Stored data entries:
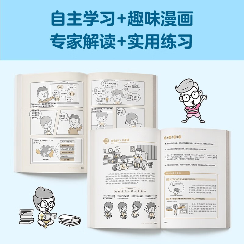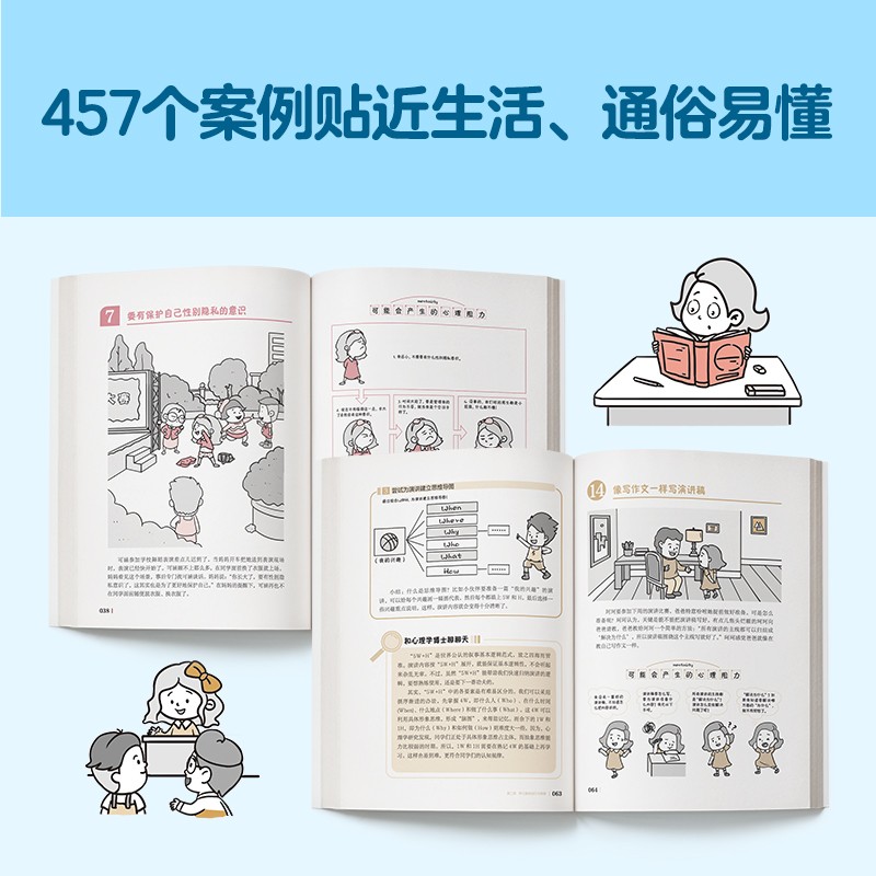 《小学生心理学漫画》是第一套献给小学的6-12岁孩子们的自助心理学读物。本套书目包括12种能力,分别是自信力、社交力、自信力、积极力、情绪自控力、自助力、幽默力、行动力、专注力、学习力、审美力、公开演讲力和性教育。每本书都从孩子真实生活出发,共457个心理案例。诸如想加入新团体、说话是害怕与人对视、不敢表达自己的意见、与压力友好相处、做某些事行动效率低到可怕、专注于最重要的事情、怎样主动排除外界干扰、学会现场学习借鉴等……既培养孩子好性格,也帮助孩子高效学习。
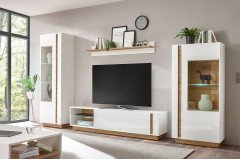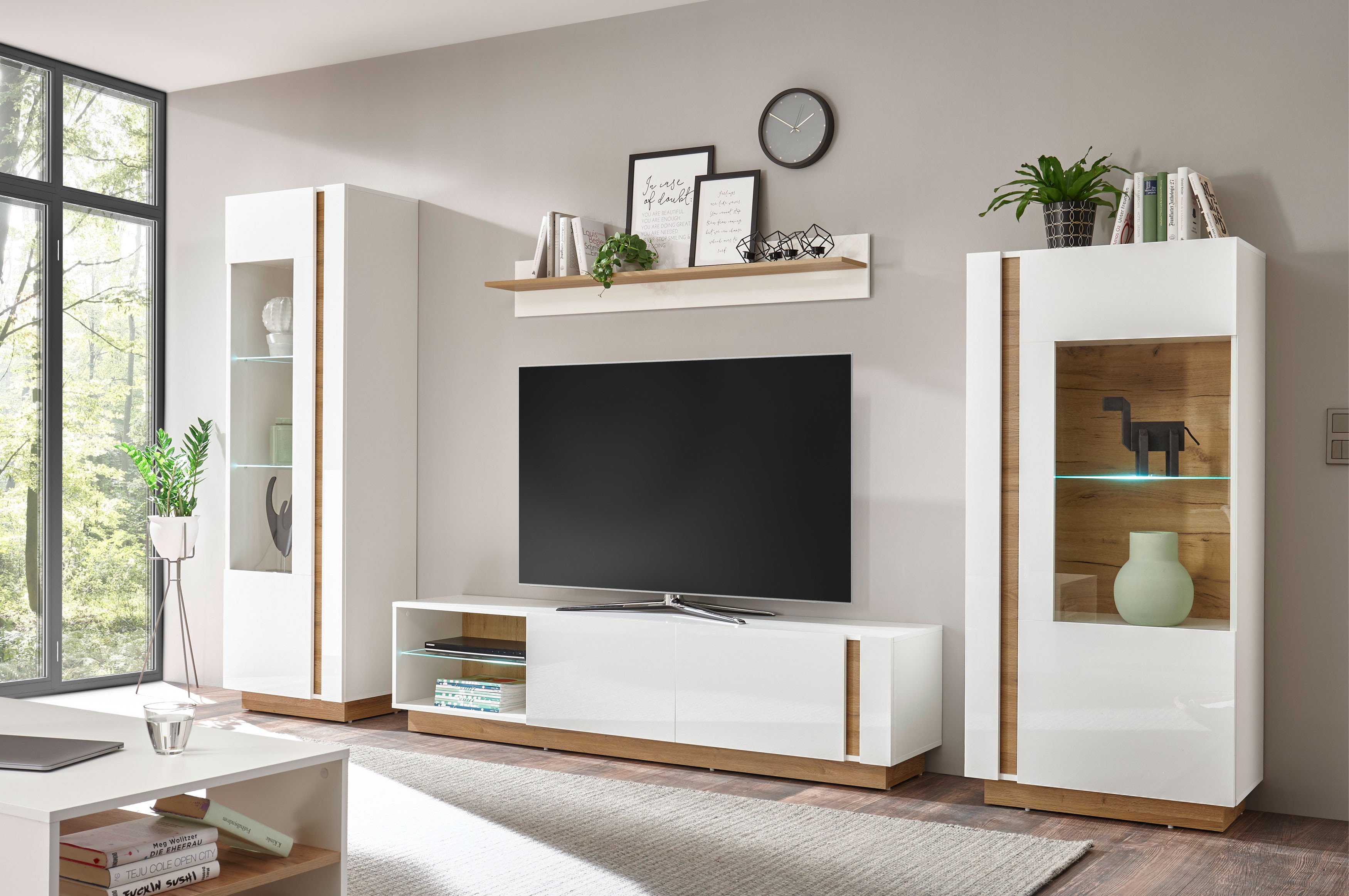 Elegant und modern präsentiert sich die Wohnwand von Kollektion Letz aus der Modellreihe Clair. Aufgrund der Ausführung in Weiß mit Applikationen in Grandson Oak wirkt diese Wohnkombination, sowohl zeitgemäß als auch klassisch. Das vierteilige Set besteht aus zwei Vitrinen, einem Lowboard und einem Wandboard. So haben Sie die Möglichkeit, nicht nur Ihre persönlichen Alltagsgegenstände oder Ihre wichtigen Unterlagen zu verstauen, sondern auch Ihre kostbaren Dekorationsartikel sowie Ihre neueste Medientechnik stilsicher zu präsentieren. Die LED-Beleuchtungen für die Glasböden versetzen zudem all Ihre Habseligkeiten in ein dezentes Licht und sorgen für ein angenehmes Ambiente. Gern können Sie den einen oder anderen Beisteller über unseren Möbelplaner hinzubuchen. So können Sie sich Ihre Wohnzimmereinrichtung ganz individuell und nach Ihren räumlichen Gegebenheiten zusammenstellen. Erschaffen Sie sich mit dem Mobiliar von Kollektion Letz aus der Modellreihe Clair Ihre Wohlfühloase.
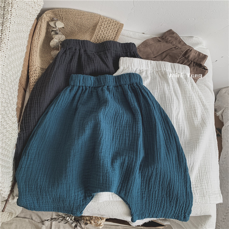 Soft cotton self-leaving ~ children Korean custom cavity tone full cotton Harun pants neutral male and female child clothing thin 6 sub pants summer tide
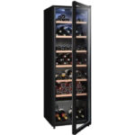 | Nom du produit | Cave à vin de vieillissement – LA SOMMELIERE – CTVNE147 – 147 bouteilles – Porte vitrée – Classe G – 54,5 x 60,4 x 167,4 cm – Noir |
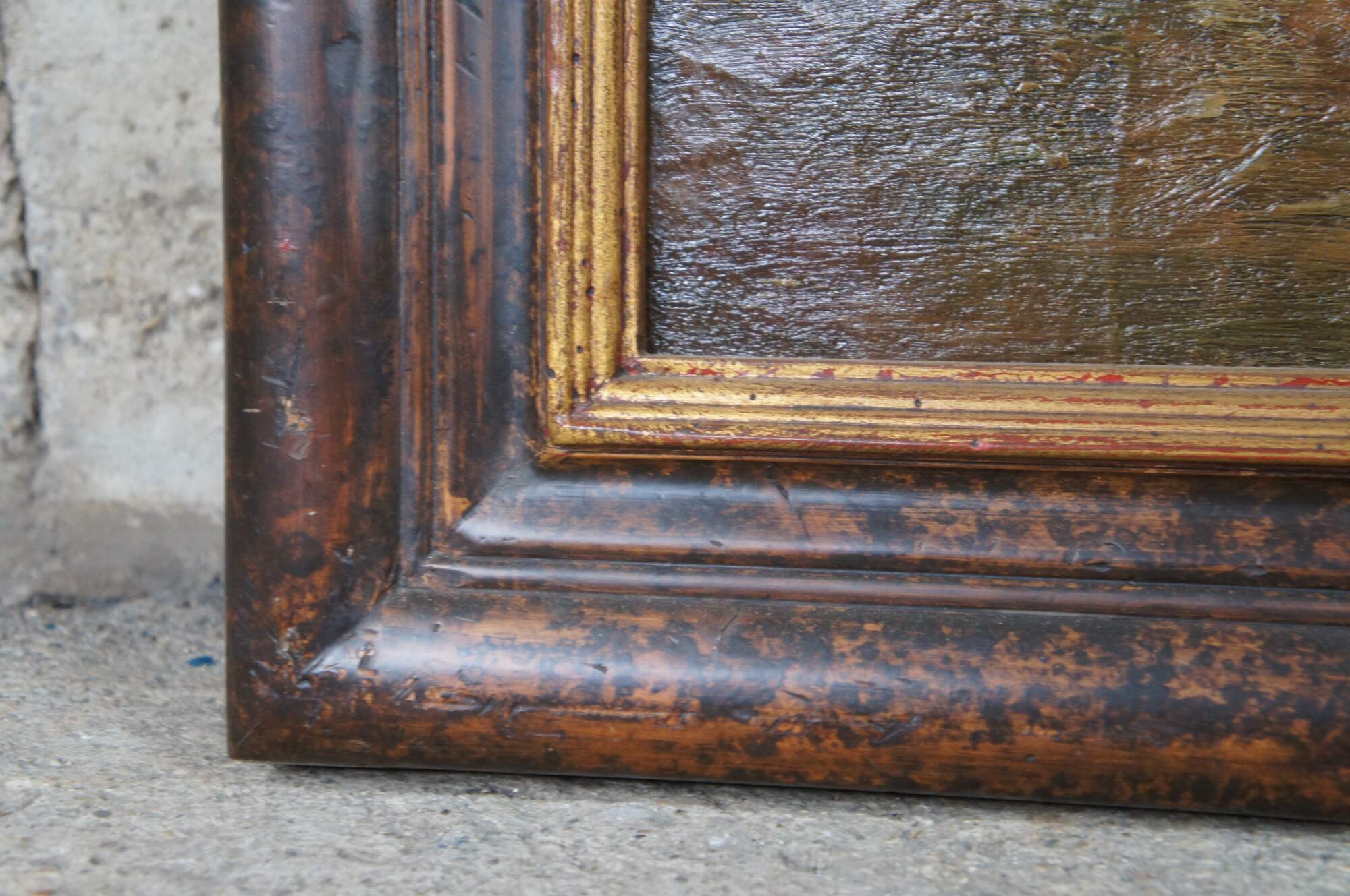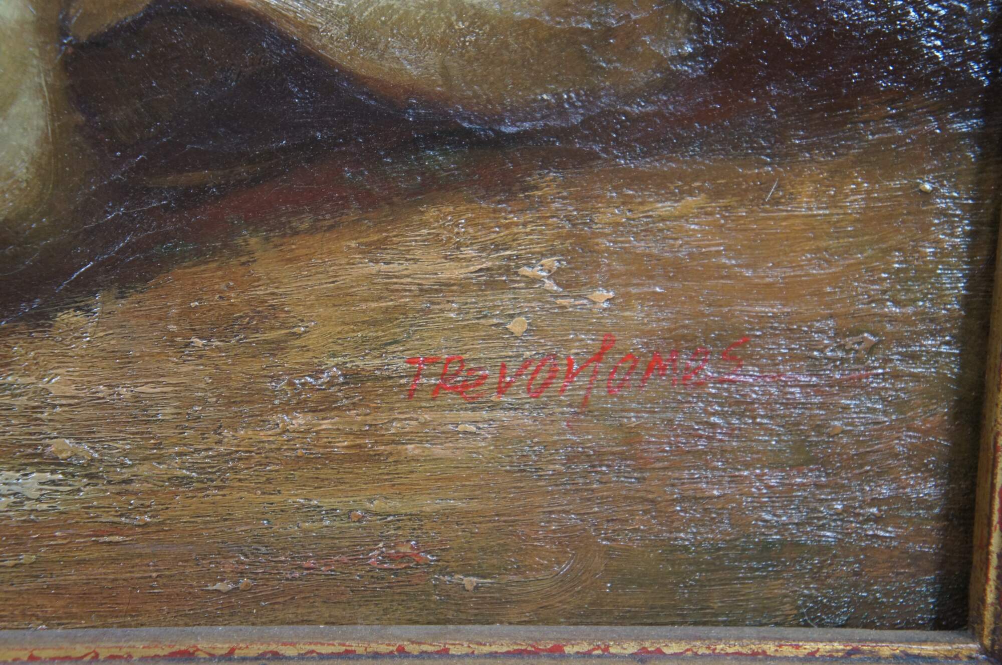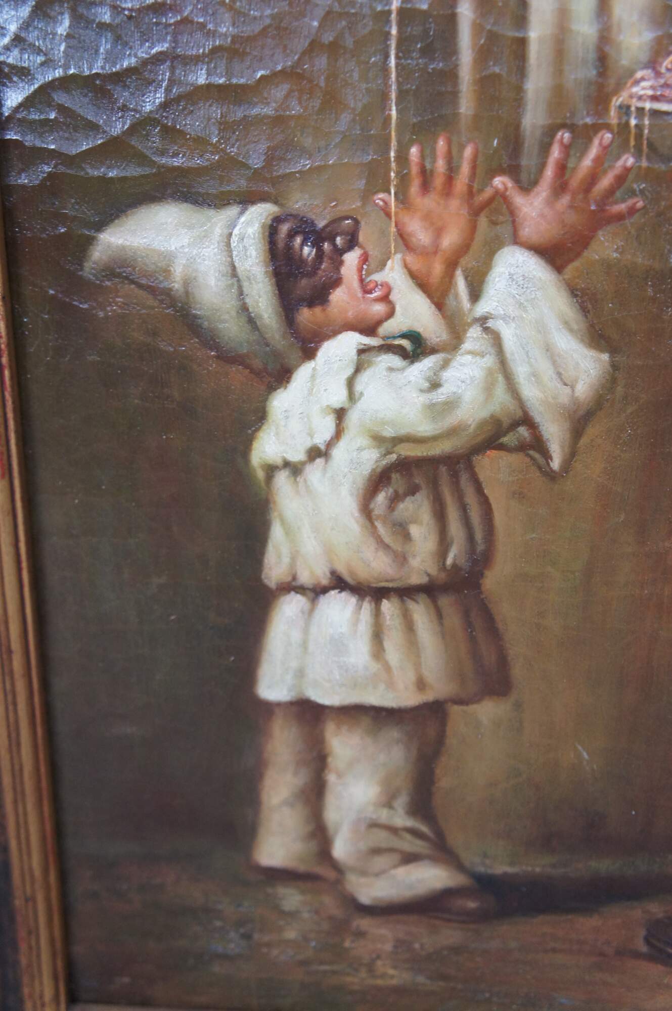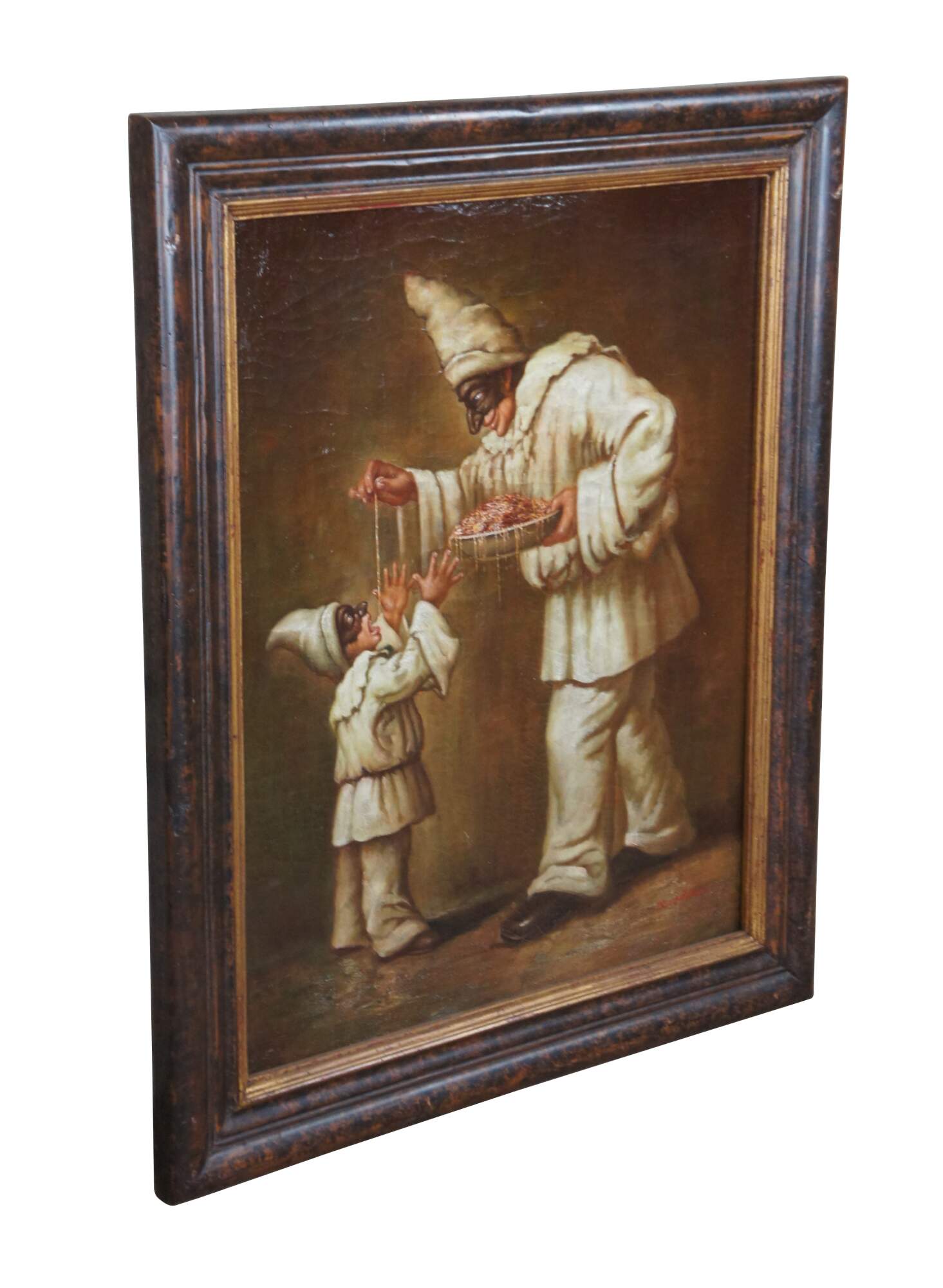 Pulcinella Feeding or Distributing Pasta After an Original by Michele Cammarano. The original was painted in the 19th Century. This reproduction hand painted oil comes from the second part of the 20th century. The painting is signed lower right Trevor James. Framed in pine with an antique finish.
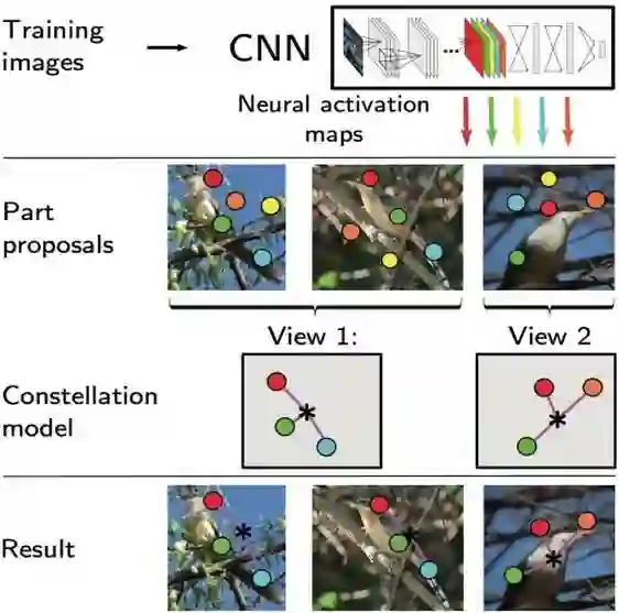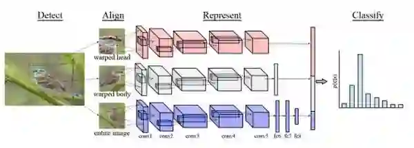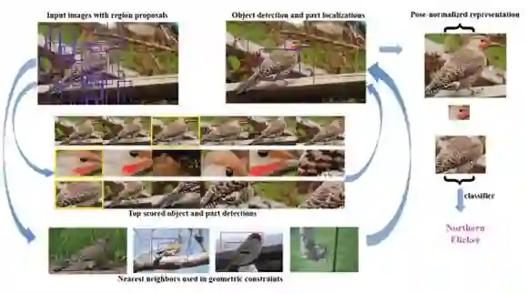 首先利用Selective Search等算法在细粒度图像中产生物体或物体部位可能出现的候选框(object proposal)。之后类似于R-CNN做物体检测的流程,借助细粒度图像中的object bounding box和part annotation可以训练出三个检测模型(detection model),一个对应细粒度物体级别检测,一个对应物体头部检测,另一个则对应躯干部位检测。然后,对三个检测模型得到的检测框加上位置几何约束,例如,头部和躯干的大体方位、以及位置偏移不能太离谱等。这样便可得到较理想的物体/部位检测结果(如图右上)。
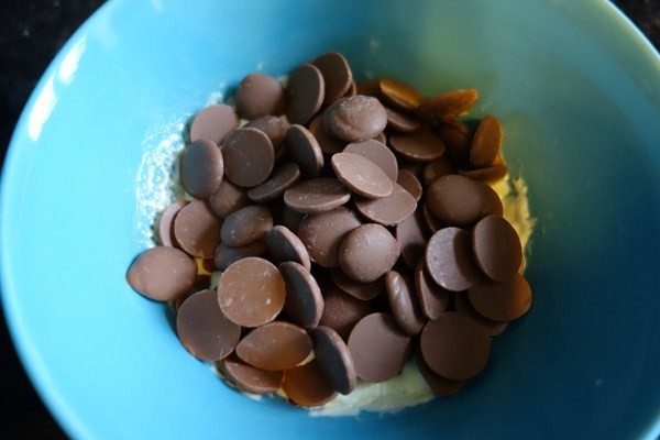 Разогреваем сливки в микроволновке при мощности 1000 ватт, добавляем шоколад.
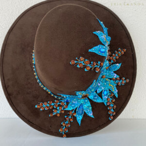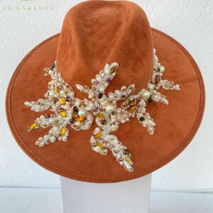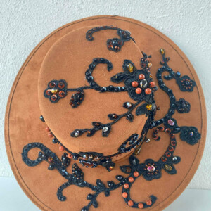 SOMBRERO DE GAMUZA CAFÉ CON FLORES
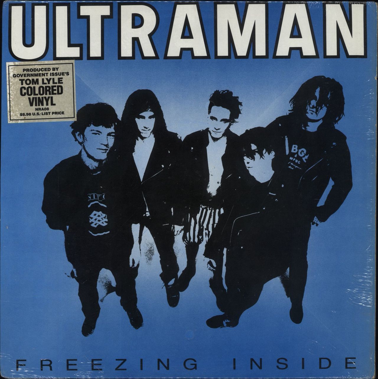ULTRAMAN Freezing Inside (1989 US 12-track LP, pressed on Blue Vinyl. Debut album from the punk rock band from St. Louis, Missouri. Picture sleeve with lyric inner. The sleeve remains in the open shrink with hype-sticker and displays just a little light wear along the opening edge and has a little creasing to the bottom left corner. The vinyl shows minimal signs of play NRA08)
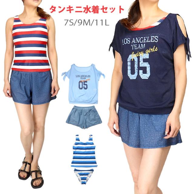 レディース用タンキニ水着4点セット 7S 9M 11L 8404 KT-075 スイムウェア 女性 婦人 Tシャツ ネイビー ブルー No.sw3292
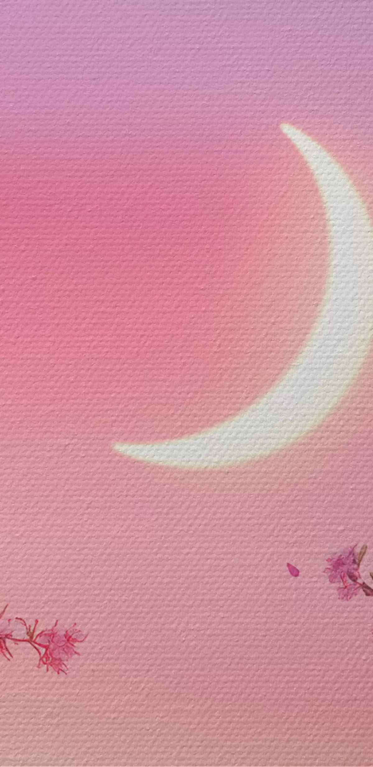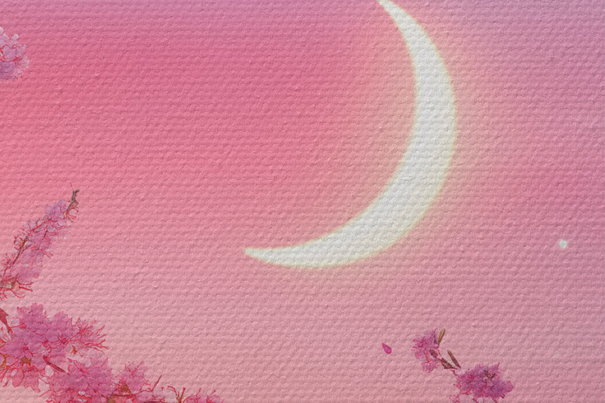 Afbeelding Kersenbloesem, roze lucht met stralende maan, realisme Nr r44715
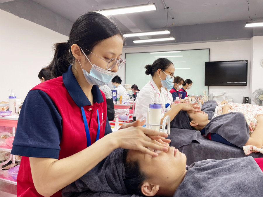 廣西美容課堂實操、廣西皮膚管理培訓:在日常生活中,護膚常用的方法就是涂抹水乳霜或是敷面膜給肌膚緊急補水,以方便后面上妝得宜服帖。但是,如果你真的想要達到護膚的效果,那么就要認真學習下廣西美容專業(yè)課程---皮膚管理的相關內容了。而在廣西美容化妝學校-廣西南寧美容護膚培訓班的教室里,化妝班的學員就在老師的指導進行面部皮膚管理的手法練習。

TASK ITEM:
Nothing but the exact text of the records should appear in your answer, with no pictures. Please write it out.

ANSWER SPACE:
 《小学生心理学漫画》是第一套献给小学的6-12岁孩子们的自助心理学读物。本套书目包括12种能力,分别是自信力、社交力、自信力、积极力、情绪自控力、自助力、幽默力、行动力、专注力、学习力、审美力、公开演讲力和性教育。每本书都从孩子真实生活出发,共457个心理案例。诸如想加入新团体、说话是害怕与人对视、不敢表达自己的意见、与压力友好相处、做某些事行动效率低到可怕、专注于最重要的事情、怎样主动排除外界干扰、学会现场学习借鉴等……既培养孩子好性格,也帮助孩子高效学习。
 Elegant und modern präsentiert sich die Wohnwand von Kollektion Letz aus der Modellreihe Clair. Aufgrund der Ausführung in Weiß mit Applikationen in Grandson Oak wirkt diese Wohnkombination, sowohl zeitgemäß als auch klassisch. Das vierteilige Set besteht aus zwei Vitrinen, einem Lowboard und einem Wandboard. So haben Sie die Möglichkeit, nicht nur Ihre persönlichen Alltagsgegenstände oder Ihre wichtigen Unterlagen zu verstauen, sondern auch Ihre kostbaren Dekorationsartikel sowie Ihre neueste Medientechnik stilsicher zu präsentieren. Die LED-Beleuchtungen für die Glasböden versetzen zudem all Ihre Habseligkeiten in ein dezentes Licht und sorgen für ein angenehmes Ambiente. Gern können Sie den einen oder anderen Beisteller über unseren Möbelplaner hinzubuchen. So können Sie sich Ihre Wohnzimmereinrichtung ganz individuell und nach Ihren räumlichen Gegebenheiten zusammenstellen. Erschaffen Sie sich mit dem Mobiliar von Kollektion Letz aus der Modellreihe Clair Ihre Wohlfühloase.
 Soft cotton self-leaving ~ children Korean custom cavity tone full cotton Harun pants neutral male and female child clothing thin 6 sub pants summer tide
 | Nom du produit | Cave à vin de vieillissement – LA SOMMELIERE – CTVNE147 – 147 bouteilles – Porte vitrée – Classe G – 54,5 x 60,4 x 167,4 cm – Noir |
 Pulcinella Feeding or Distributing Pasta After an Original by Michele Cammarano. The original was painted in the 19th Century. This reproduction hand painted oil comes from the second part of the 20th century. The painting is signed lower right Trevor James. Framed in pine with an antique finish.
 首先利用Selective Search等算法在细粒度图像中产生物体或物体部位可能出现的候选框(object proposal)。之后类似于R-CNN做物体检测的流程,借助细粒度图像中的object bounding box和part annotation可以训练出三个检测模型(detection model),一个对应细粒度物体级别检测,一个对应物体头部检测,另一个则对应躯干部位检测。然后,对三个检测模型得到的检测框加上位置几何约束,例如,头部和躯干的大体方位、以及位置偏移不能太离谱等。这样便可得到较理想的物体/部位检测结果(如图右上)。
 Разогреваем сливки в микроволновке при мощности 1000 ватт, добавляем шоколад.
 SOMBRERO DE GAMUZA CAFÉ CON FLORES
ULTRAMAN Freezing Inside (1989 US 12-track LP, pressed on Blue Vinyl. Debut album from the punk rock band from St. Louis, Missouri. Picture sleeve with lyric inner. The sleeve remains in the open shrink with hype-sticker and displays just a little light wear along the opening edge and has a little creasing to the bottom left corner. The vinyl shows minimal signs of play NRA08)
 レディース用タンキニ水着4点セット 7S 9M 11L 8404 KT-075 スイムウェア 女性 婦人 Tシャツ ネイビー ブルー No.sw3292
 Afbeelding Kersenbloesem, roze lucht met stralende maan, realisme Nr r44715
 廣西美容課堂實操、廣西皮膚管理培訓:在日常生活中,護膚常用的方法就是涂抹水乳霜或是敷面膜給肌膚緊急補水,以方便后面上妝得宜服帖。但是,如果你真的想要達到護膚的效果,那么就要認真學習下廣西美容專業(yè)課程---皮膚管理的相關內容了。而在廣西美容化妝學校-廣西南寧美容護膚培訓班的教室里,化妝班的學員就在老師的指導進行面部皮膚管理的手法練習。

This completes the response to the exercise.